Way to go, nice little pup!


----------



## Bill Me (Oct 5, 2007)

What was the water temp at the Spur?


----------



## bigtallluke (Jul 14, 2012)

Bill Me said:


> What was the water temp at the Spur?


73.5* and the water was blended blue/green with pretty decent clarity.


----------



## Scruggspc (Mar 20, 2013)

Way to go brother.


----------



## Bill Me (Oct 5, 2007)

bigtallluke said:


> 73.5* and the water was blended blue/green with pretty decent clarity.


Lay down wind!


----------



## FishFighter92 (Jul 10, 2012)

The wind needs to die for a week and I'll be the happiest guy alive.


----------



## bigtallluke (Jul 14, 2012)

FishFighter92 said:


> The wind needs to die for a week and I'll be the happiest guy alive.

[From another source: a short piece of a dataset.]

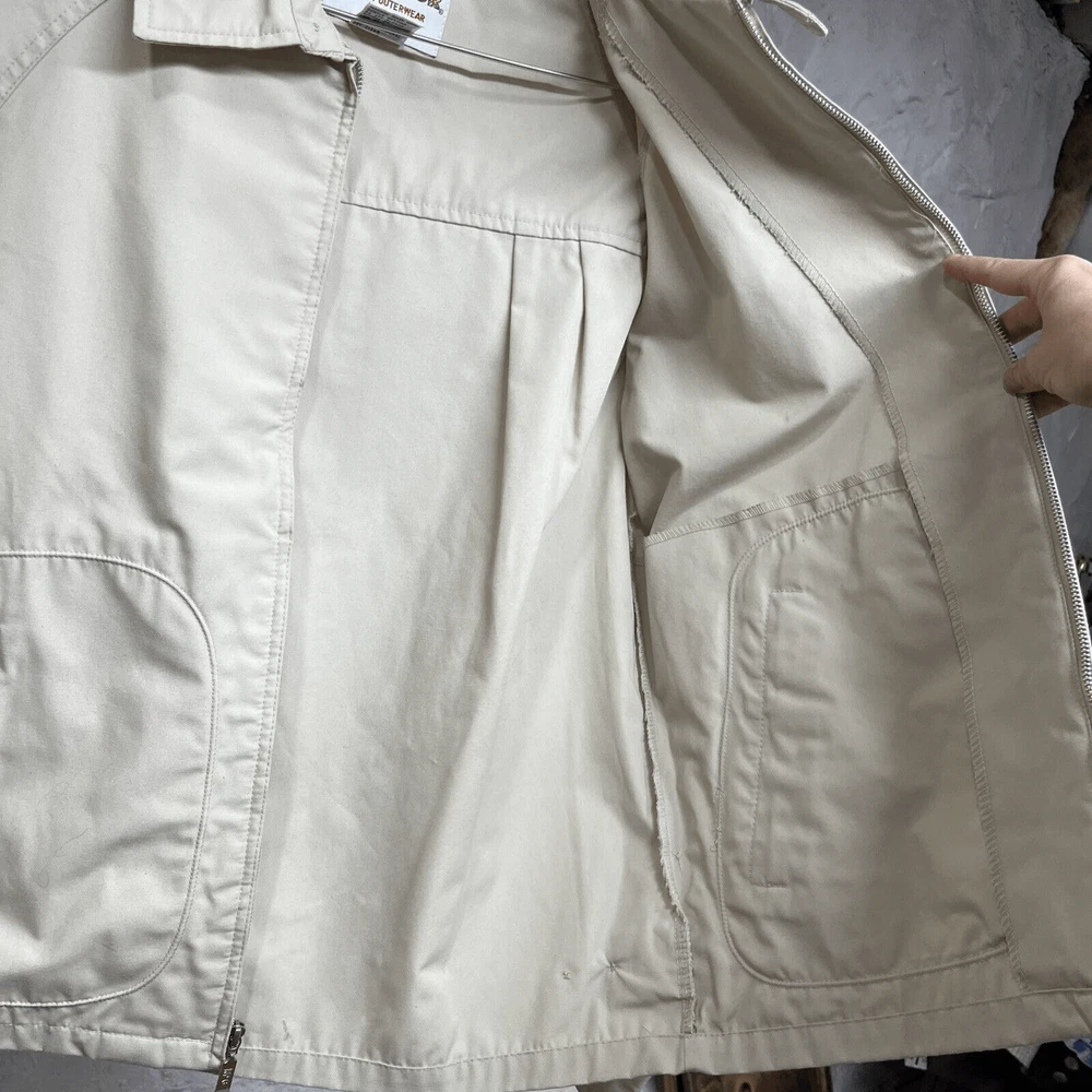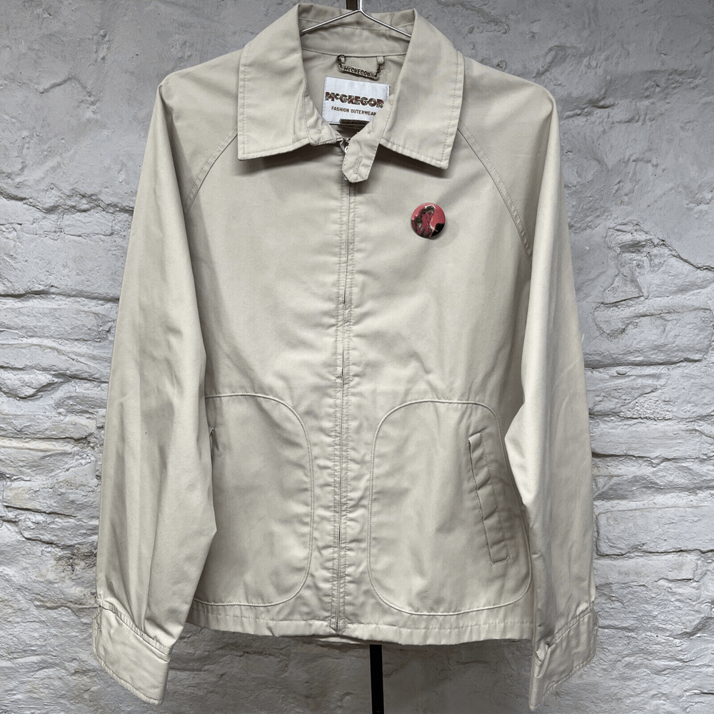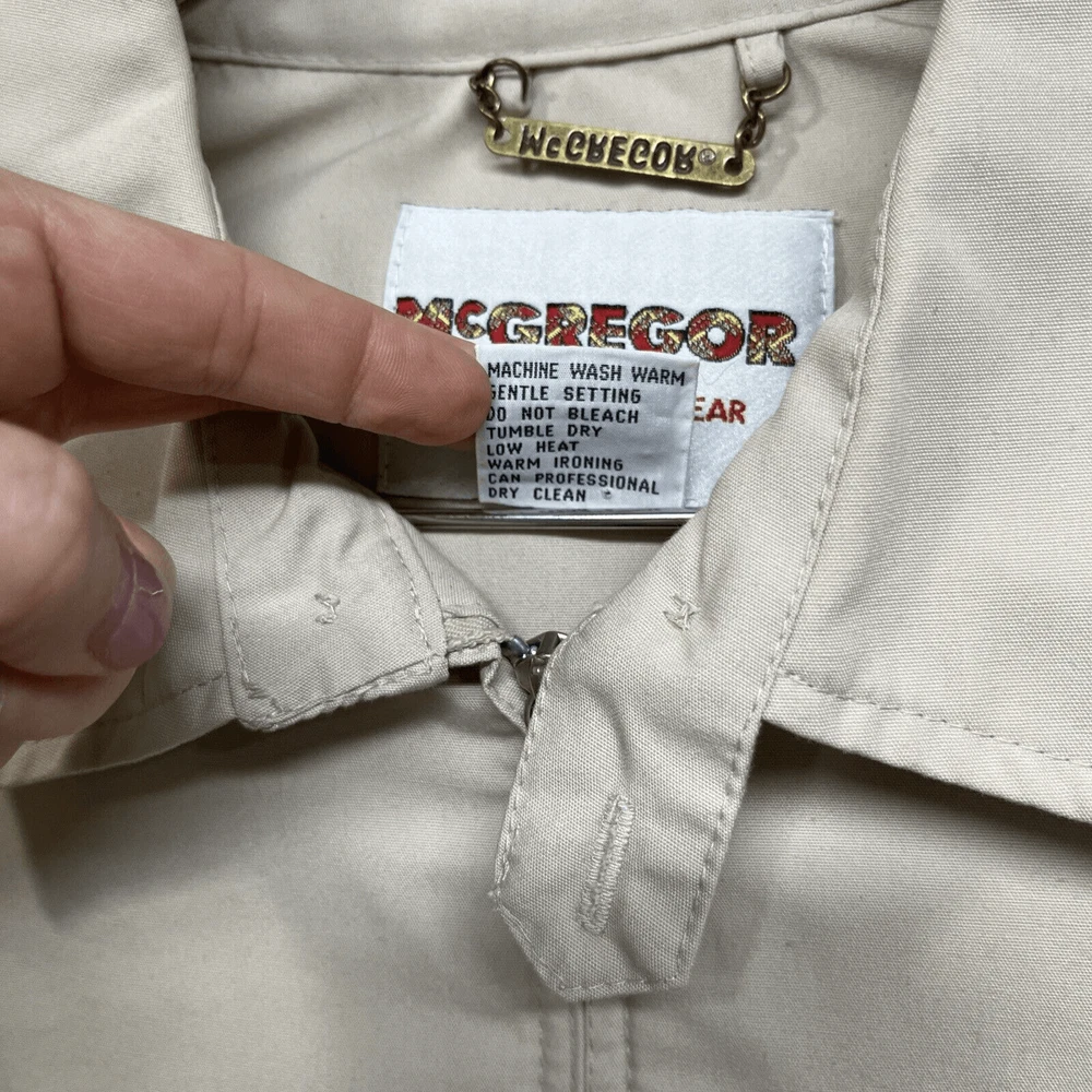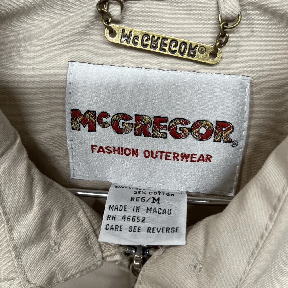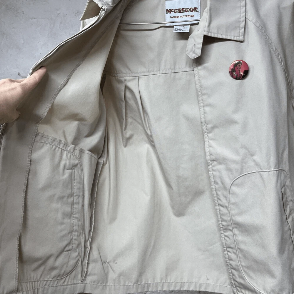 Vintage 80s 90s McGregor Beige Chin Strap Harrington Windbreaker Light Jacket. Madonna button is included, it was attached when i acquired the jacket. Approx measurements pit to pit: 22” collar seam to hem: 26” Item is pre owned. Excellent condition, minimal/normal signs of wear. Occasional small/faint marks but nothing I would consider a notable flaw. Please refer to photos for detail.
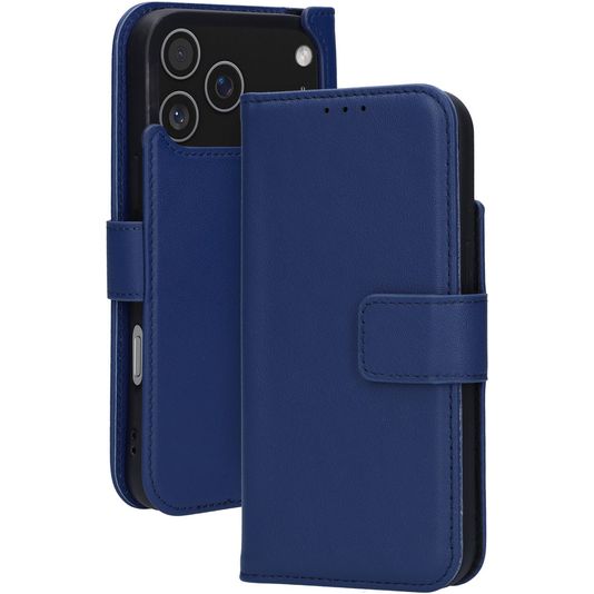 Mobiparts Wallet iPhone 17 Pro Max MagSafe Hülle Echtes Leder Klapphülle Geldbörse - Blau

I heard that Steven!! I hear the tuna fishing is out of control good right now if you can stand to battle the seas. I was in half hitch the other day getting supplies for the trip and they were saying that guys had been battling 15' + seas out at the rigs just in the name of YFT!! One boat returned with a cracked hull lol.... But they got it done out there!


----------



## cobe killer (Apr 13, 2008)

nice little fellow. he'll be a contender one day!!! that's some fine scamp!


----------



## Fish Eye (Apr 4, 2013)

Way to make it happen in December!!!


----------